DATA PROVIDED: Begin

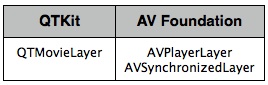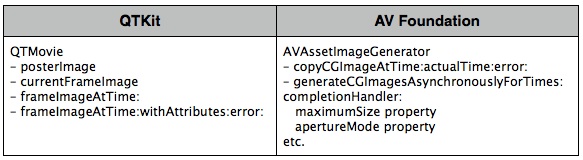 Here's a summary of the classes for representing audiovisual media with QTKit and AV Foundation:
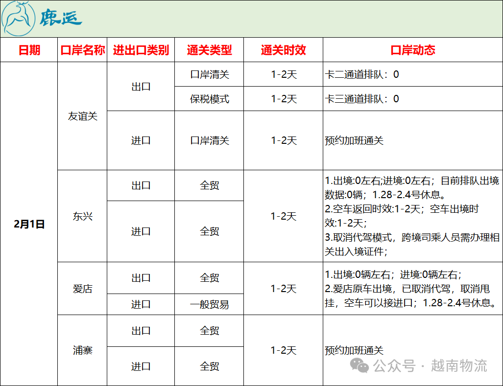 2月1日中越边境口岸最新通关资讯 越南物流专线 快优国际物流
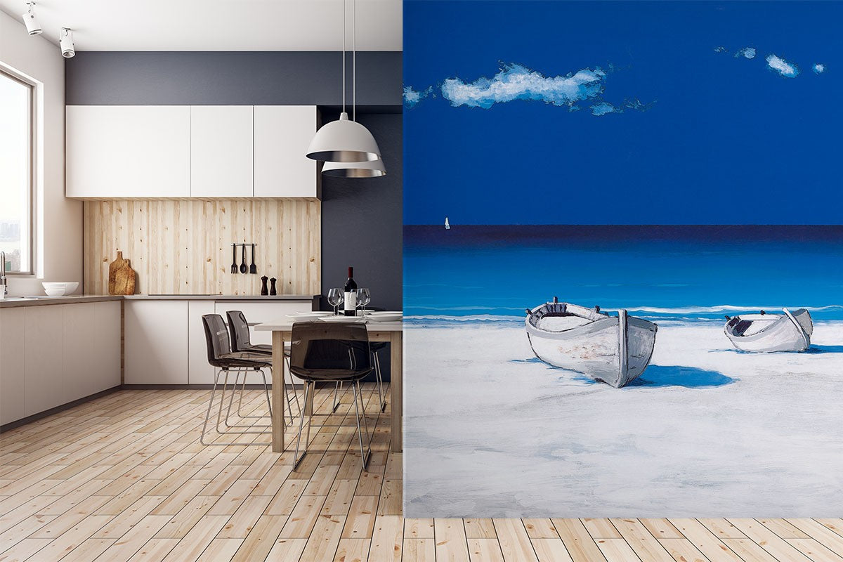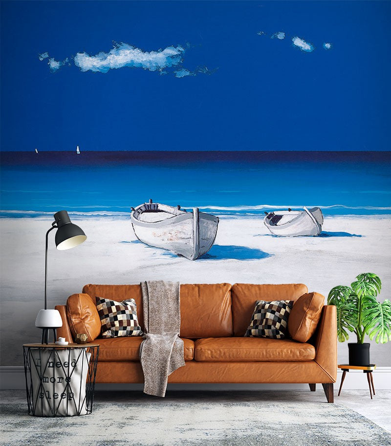 Boat Horizon Beach Blue Wallpaper Mural,Self-Adhesive Peel And Stick 3D Wall Decal,Bedroom Removable Wall Decor
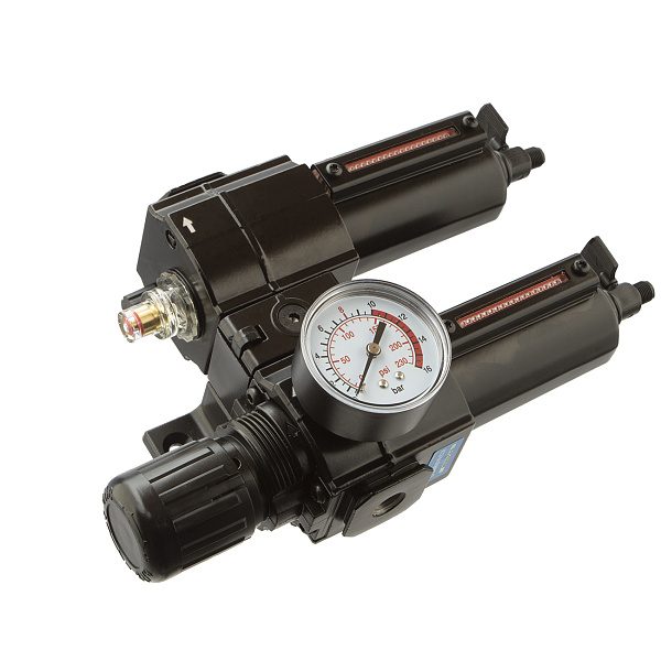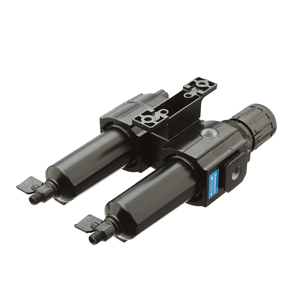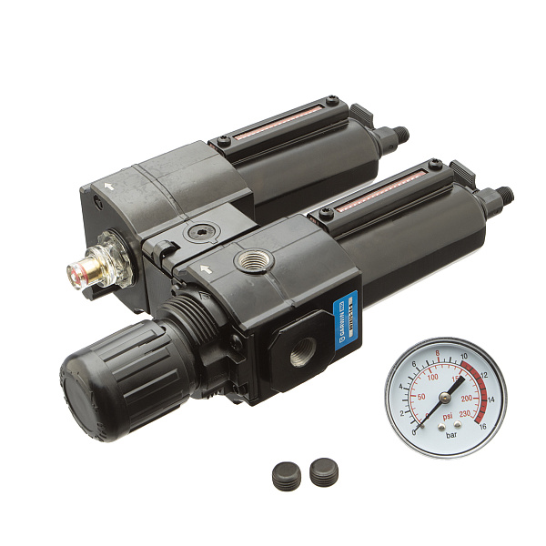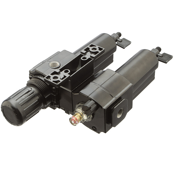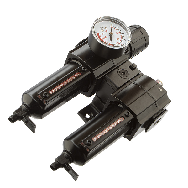 Модульная группа для подготовки воздуха с регулятором давления - это система подготовки воздуха для работы с пневматическим инструментом. Объединяет воздушный фильтр-осушитель, редуктор с манометром и лубрикатор.
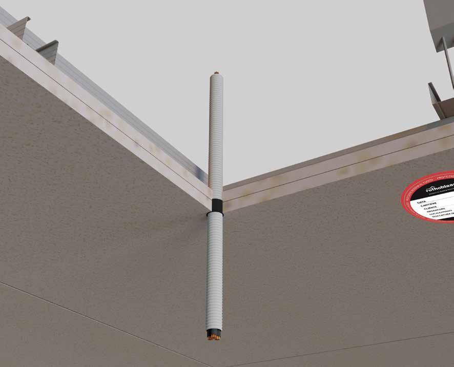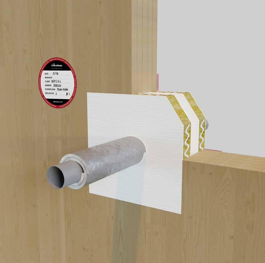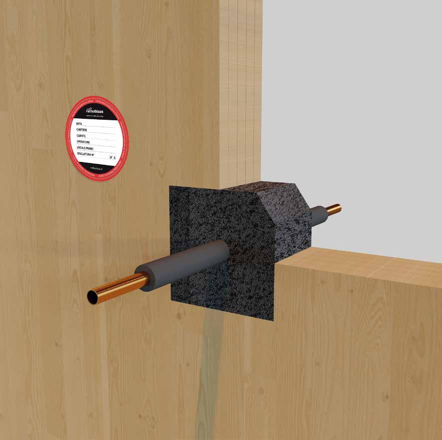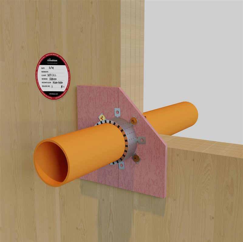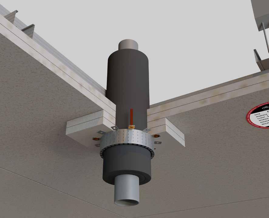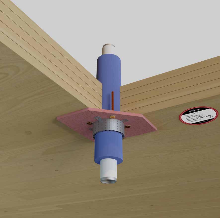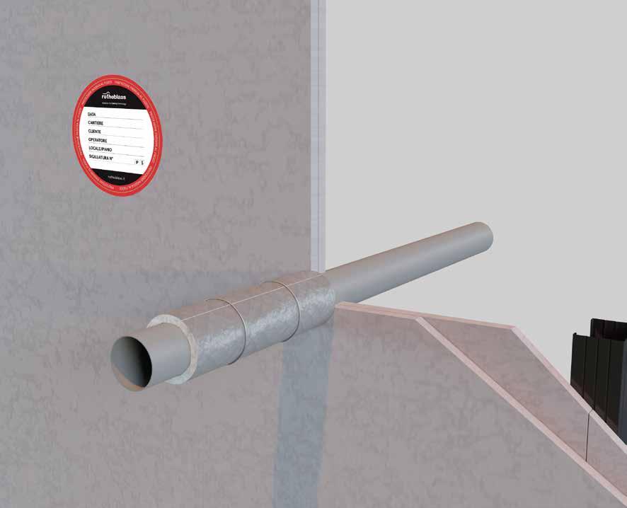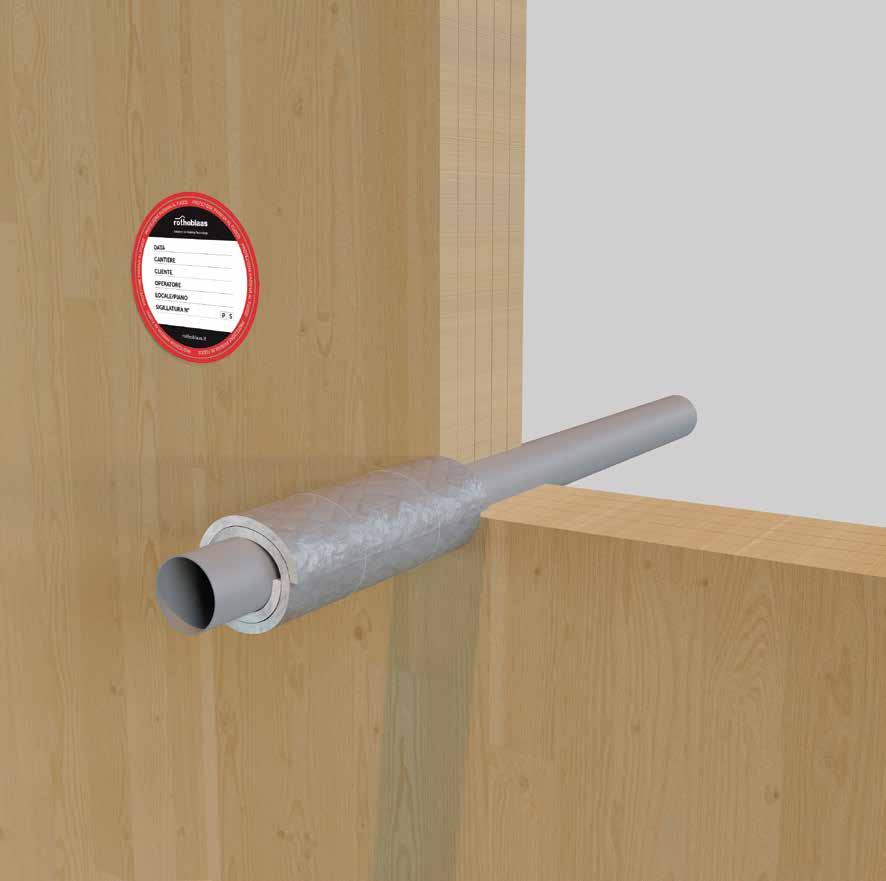 (11) W przypadku przewodów rurowych o średnicy powyżej 110 mm należy zainstalować dwa sąsiadujące ze sobą elementy COLLUM, łącząc blachę pierwszego COLLUM z drugim za pomocą wkrętów samogwintujących (patrz karta techniczna). Przepisy odniesienia: EN 1363-1 | EN 1366-3
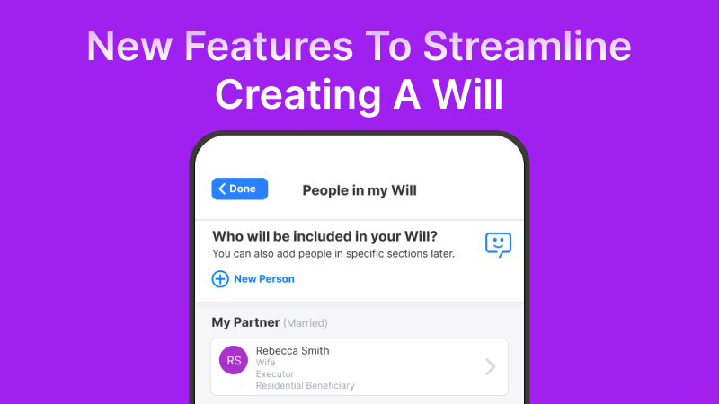 We’ve revamped People in my Will. Now integrated into the Checklist, the ‘People in My Will’ section automatically links to your relationship status and number of children, ensuring no key individuals are overlooked.
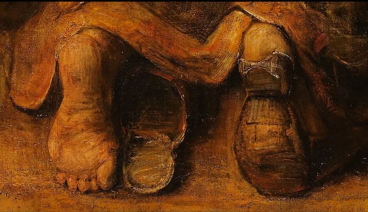 Με εμφανή τα σημάδια της ταλαιπωρίας ο άσωτος γιος γονατίζει μπροστά στον πατέρα. Ο χιτώνας του φθαρμένος, το ένα παπούτσι δίπλα στο σκληρό και βρώμικο πόδι του, το άλλο έχει τρυπήσει στη φτέρνα. Μοναδικό ίχνος της ευγενούς καταγωγής του το κοντό σπαθί στη δεξιά του πλευρά. Το κεφάλι του ξυρισμένο, θυμίζει φυλακισμένο χωρίς ταυτότητα. Ή μήπως μωρό νεογέννητο; Αυτός ο γιος ξαναγεννιέται. Ακολουθώντας το μονοπάτι της ταπεινότητας και του θάρρους επιστρέφει και εκθέτει τα κουρέλια του στο φως. Είναι το φως που πηγάζει από το πρόσωπο του πατέρα, το φως της συγχώρεσης και της αγάπης που τον αγκαλιάζει.
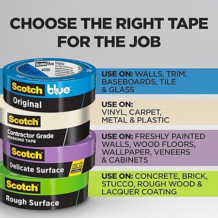 $6.68 | 6-Rolls Scotch Contractor Grade Masking Tape, 1 Inch Wide (0.94 in. x 60.1 Yds) at Amazon
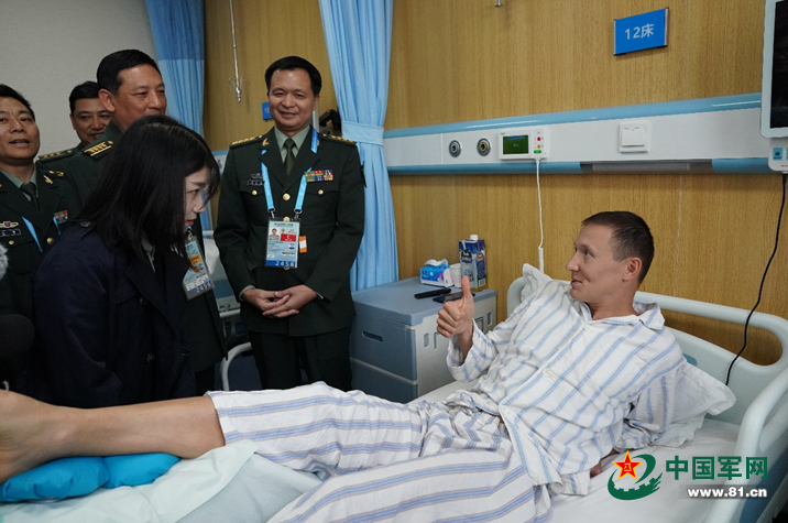 參加本屆世界軍運會的俄羅斯傷員阿列克謝·斯維奇尼科夫點贊軍運會醫(yī)療保障團隊。中國軍網(wǎng)記者馬睿昭 攝
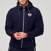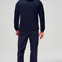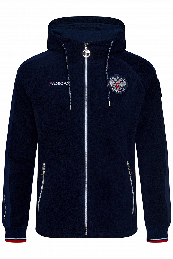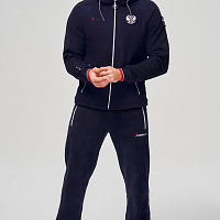 Куртка прямого силуэта с капюшоном. Полочка с центральной застежкой на тесьму молнию. Боковые карманы прорезные обработаны с тесьмой молнией. Капюшон регулируется по высоте с помощью шнурка. Рукава покроя реглан.На рукавах декоративные вставки из ламинированного флиса. Манжеты выполнены из трикотажного полотна ластик. Низ изделия регулируется при помощи эластичного шнура и фиксаторов. Нанесения на куртке: Жаккардовый шеврон «Герб РФ», жаккардовый шеврон«Флаг РФ», вышивка «FORWARD», принт «Мы вместе . Спорт». Брюки слегка зауженного к низу силуэта. Боковые карманы прорезные, застегиваются на молнию. Вдоль боковых швов декоративныевставки из ламинированного флиса. Пояс с эластичной тесьмой. Ширина пояса регулируется шнуром, вставленным внутрь. Ширина по низу регулируется при помощи эластичного шнура и фиксаторов. Нанесения на брюках: вышивка «FORWARD». Состав: ткань верха 100% полиэстер 240г/м², флис с двусторонним подчесом.
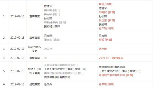 通过天眼查查询发现,中民外滩房地产开发有限公司于2月13日出现股东变更,其中,中国民生投资股份有限公司、上海佳渡置业有限公司(中民投孙公司)退出,绿地地产集团有限公司新增股东;法人代表亦变更为绿地集团高管徐荣璞。 这也证实了绿地接盘中民投董家渡地块的传闻。
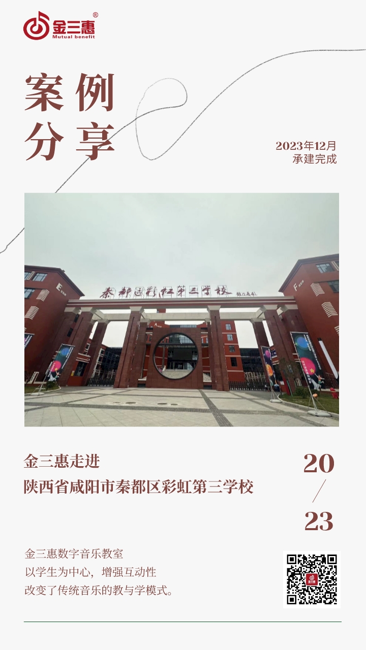 2023年12月,金三惠數字音樂教室走進陜西省咸陽市秦都區彩虹第三學校,為學校提供了4間數字音樂教室,3間舞蹈,1間器樂排練廳,1間鼓號隊。新常態教室-金三惠 (jinsanhui.com)

DATA PROVIDED: End

● TASK DETAILS: Repeat only the lines between the top of the entries above and the line containing "We’ve revamped People", both ends included, without the pictures.

● EXERCISE RESULT:
 Here's a summary of the classes for representing audiovisual media with QTKit and AV Foundation:
 2月1日中越边境口岸最新通关资讯 越南物流专线 快优国际物流
 Boat Horizon Beach Blue Wallpaper Mural,Self-Adhesive Peel And Stick 3D Wall Decal,Bedroom Removable Wall Decor
 Модульная группа для подготовки воздуха с регулятором давления - это система подготовки воздуха для работы с пневматическим инструментом. Объединяет воздушный фильтр-осушитель, редуктор с манометром и лубрикатор.
 (11) W przypadku przewodów rurowych o średnicy powyżej 110 mm należy zainstalować dwa sąsiadujące ze sobą elementy COLLUM, łącząc blachę pierwszego COLLUM z drugim za pomocą wkrętów samogwintujących (patrz karta techniczna). Przepisy odniesienia: EN 1363-1 | EN 1366-3
 We’ve revamped People in my Will. Now integrated into the Checklist, the ‘People in My Will’ section automatically links to your relationship status and number of children, ensuring no key individuals are overlooked.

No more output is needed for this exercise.